Gaye left the room, and Dave, having finished the rest of his root beer, crushed the can and launched it in a basketball shot toward the waste can on the far side of the room. It dropped in.

“Three points in any auditorium,” Dave said under his breath.

CHAPTER

24

New York

“Mr. Hampton, we just got a call from a woman in Grenada who wants to speak to you. She has been calling and Skyping all day, and she won’t stop until she gets you. She’s on your Skype now. She says she has some important information for you,” Julie said. Julie was a smart twenty-one-year-old intern who believed, sincerely, that her internship here would be a gateway to a television career of her own.

“I’m not sure working for me is going to get you anywhere,” Dave had told her back when she signed on. “As you will discover after you’ve been here awhile, I’m considered somewhat of a kook.”

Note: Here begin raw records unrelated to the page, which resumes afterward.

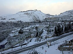 [edit]Damascus has a cool arid climate (BWk) in the Köppen-Geiger system,[32] due to the rain shadow effect of the Anti-Lebanon Mountains[33] and the prevailing ocean currents. Summers are prolonged, dry, and hot with less humidity. Winters are cool and somewhat rainy; snowfall is infrequent. Autumn is brief and mild, but has the most drastic temperature change, unlike spring where the transition to summer is more gradual and steady. Annual rainfall is around 130 mm (5 in), occurring from October to May.
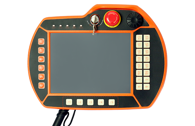 EC-RX系列机器人控制系统——为九州酷游(ku游)六轴关节机器人控制系统专用手控器,操作面板上的F1-F5按键作用,手控器上具体位置如下:
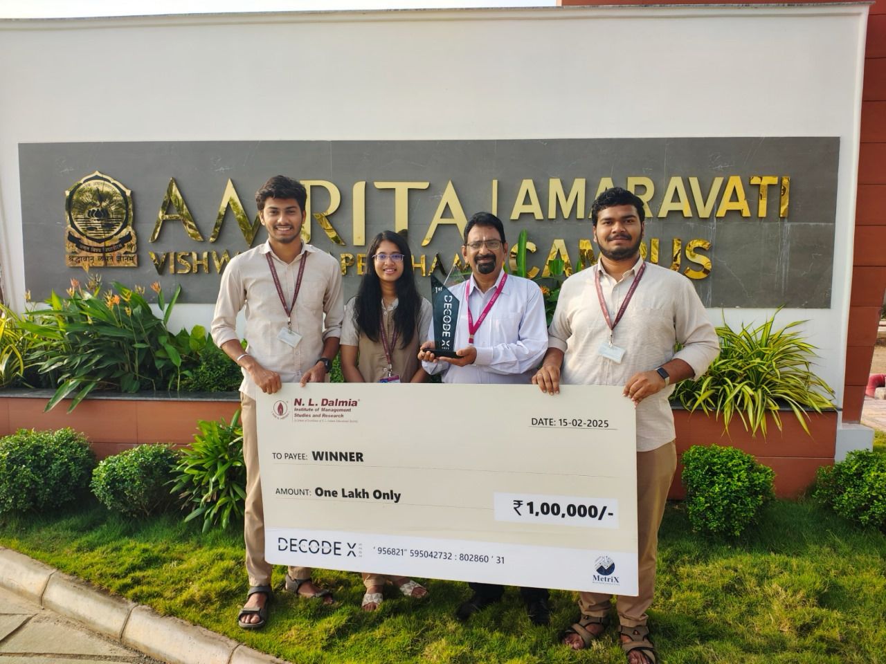 அமராவதி, ஆந்திரப் பிரதேசம்: மும்பையில் உள்ள N. L. டால்மியா மேலாண்மை ஆய்வுகள் மற்றும் ஆராய்ச்சி நிறுவனத்தில் (NLDIMSR) பிப்ரவரி 14-15 ஆகிய தேதிகளில் நடைபெற்ற தேசிய அளவிலான ஹேக்கத்தானான DecodeX 2025-இல் அமராவதி வளாகத்தின் அம்ருதா விஸ்வ வித்யாபீடத்தைச் சேர்ந்த மாணவர்கள் குழு முதல் பரிசைப் பெற்றது. அமராவதியின் அம்ருதா கணினிப் பள்ளியைச் சேர்ந்த பிரஜ்வாலா யட்லபள்ளி, நாயுடு யஸ்வந்த் ரெட்டி மற்றும் பாரிஸ் ஸ்ரீ வத்சல் ஆகியோர் அடங்கிய CodeBlue குழு, PalletSense போட்டியில் ₹100,000 முதல் பரிசை வென்றது.

“A kook with more viewers in your time slot than all the other cable networks combined,” Julie had replied.

“That’s true.”

“What’s the woman’s name?” Dave asked.

“What’s her name?” Julie asked into the phone. She nodded, then looked back at Dave. “She won’t give a name.”

“So I’m supposed to talk to any kook who comes in asking for me? Tell Jerry to send her away. That’s what we hired him for, isn’t it?”

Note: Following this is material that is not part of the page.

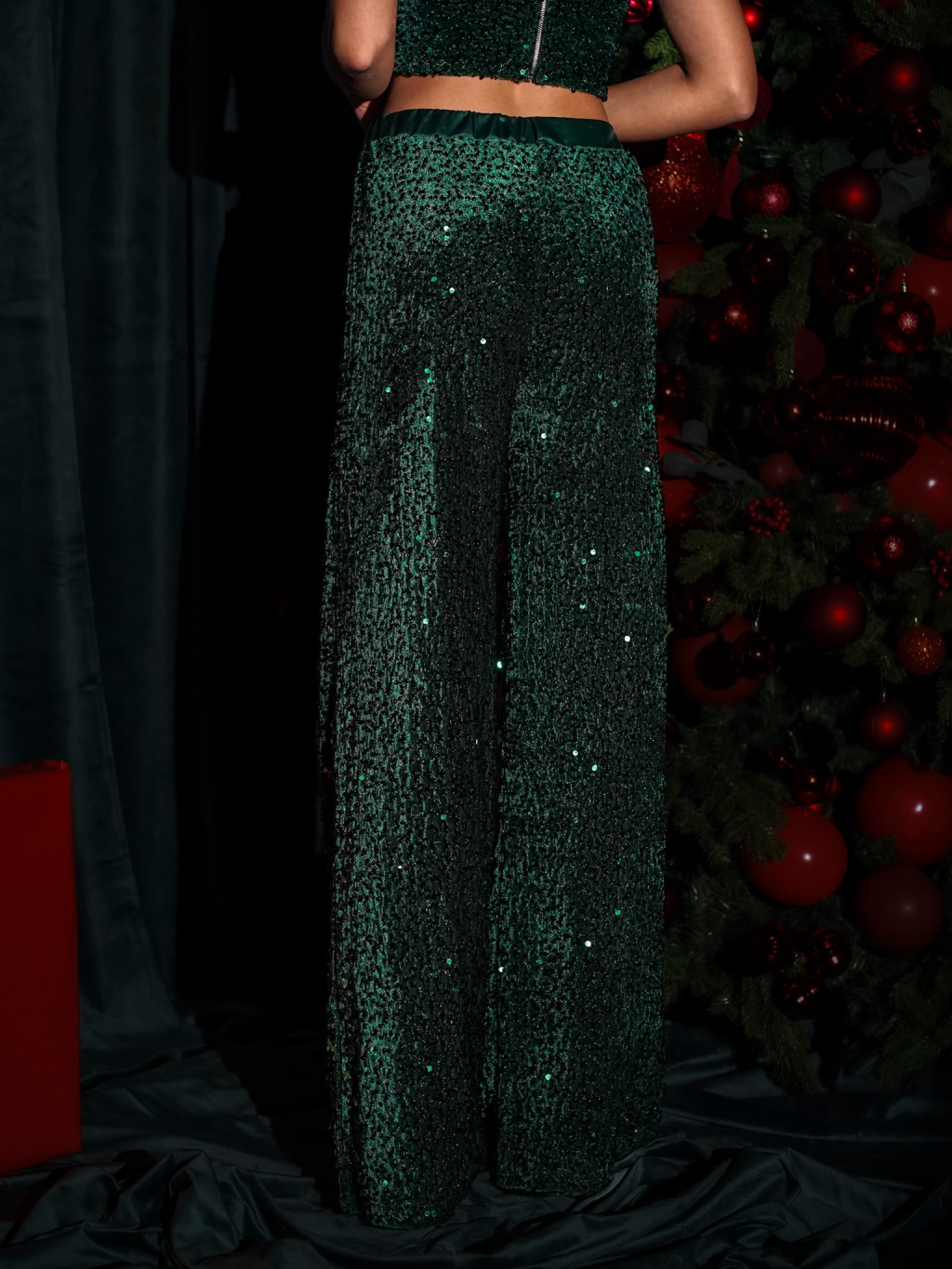 Smaragdové široké trblietavé nohavice ONNILO s flitrami
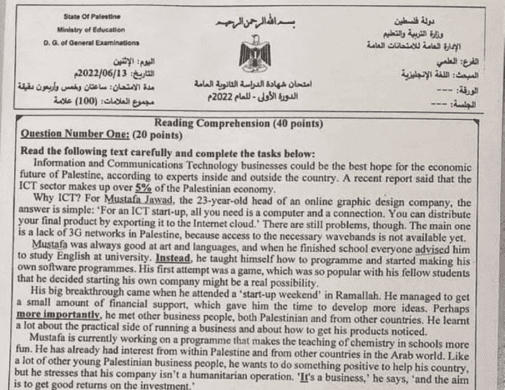 إجابات امتحان اللغة الإنجليزية الفرع العلمي للثانوية العامة 2022 توجيهي فلسطين الذي قدمه الطلبة اليوم الإثنين في المدارس بمختلف محافظات الوطن، وسط حالة من الارتياح في صفوف الطلاب.

“He can’t talk to her,” Julie said. “What? Tell him what? Are you crazy? I can’t tell him that.”

“Tell me what?” Dave asked. “Now you’ve got me curious.”

“It’s embarrassing.”

“Now you’ve really got me curious.”

“She says when you were fourteen, you had a—uh—” Julie blushed and stopped in midsentence.

“I had a what?”

“You lost your virginity to your mother’s friend.”

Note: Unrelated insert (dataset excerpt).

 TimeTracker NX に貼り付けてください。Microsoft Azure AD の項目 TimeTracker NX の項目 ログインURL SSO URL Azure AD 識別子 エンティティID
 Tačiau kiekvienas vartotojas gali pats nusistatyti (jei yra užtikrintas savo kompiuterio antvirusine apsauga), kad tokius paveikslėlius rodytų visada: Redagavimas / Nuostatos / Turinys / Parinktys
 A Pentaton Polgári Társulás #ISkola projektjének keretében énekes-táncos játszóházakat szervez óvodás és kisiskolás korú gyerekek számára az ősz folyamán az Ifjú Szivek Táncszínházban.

He turned redder than a radish, blushing as he was put firmly in his place. “My God! How could anyone know that?”

Julie laughed and quickly covered her mouth with her hand. “You mean you did? Your mother’s friend? She’s old!”

“She wasn’t always old, kid,” Dave said. “Tell Jerry to connect her.”

“Are you serious?”

Dave reached out for the phone.

“Jerry? Yes, this Dave Hampton. I’ll have Julie brief her over Skype. What does she look like?” Dave laughed. “Lena Horne? You old fart, how is Julie supposed to know what—? Never mind. I’ll tell her.”

Five minutes later Julie reported back to her boss that the older, regal-looking light-skinned woman was very much for real. Dave said, “Thank you, Julie,” and he switched on his desktop.

“I can stay here if you need me for anything.”

“Thank you, Julie,” Dave repeated, and he took Julie by the arm, then escorted her out of his office.

“Good evening,” Dave said, half looking at his computer screen and multitasking by reading some papers on his desk and punching in a text message on his handheld mobile phone. “I didn’t get your name.”

“My name is Patricia Rose Greenidge, but everybody calls me Mama G.” Her voice was soft, melodic, and had a strong Caribbean accent.

“Mama G?
You
are Mama G? I’ve heard of you, your radio broadcasts, your webcasts.”

“I’m flattered.”

“Why didn’t you just tell Jerry your name?”

“My name doesn’t always open doors.”

Dave chuckled. “I must confess, Mama, you came up with one hell of a way of opening this door. How did you know that? How could you possibly have known it? I was so embarrassed, I never told a soul. Not my best friend, and certainly not my mother.”

“My guides told me. They tell me all sorts of stuff when necessary. And that was necessary for me to know to get through to you. They also revealed to me that dark forces are descending upon us. And you know this, too.”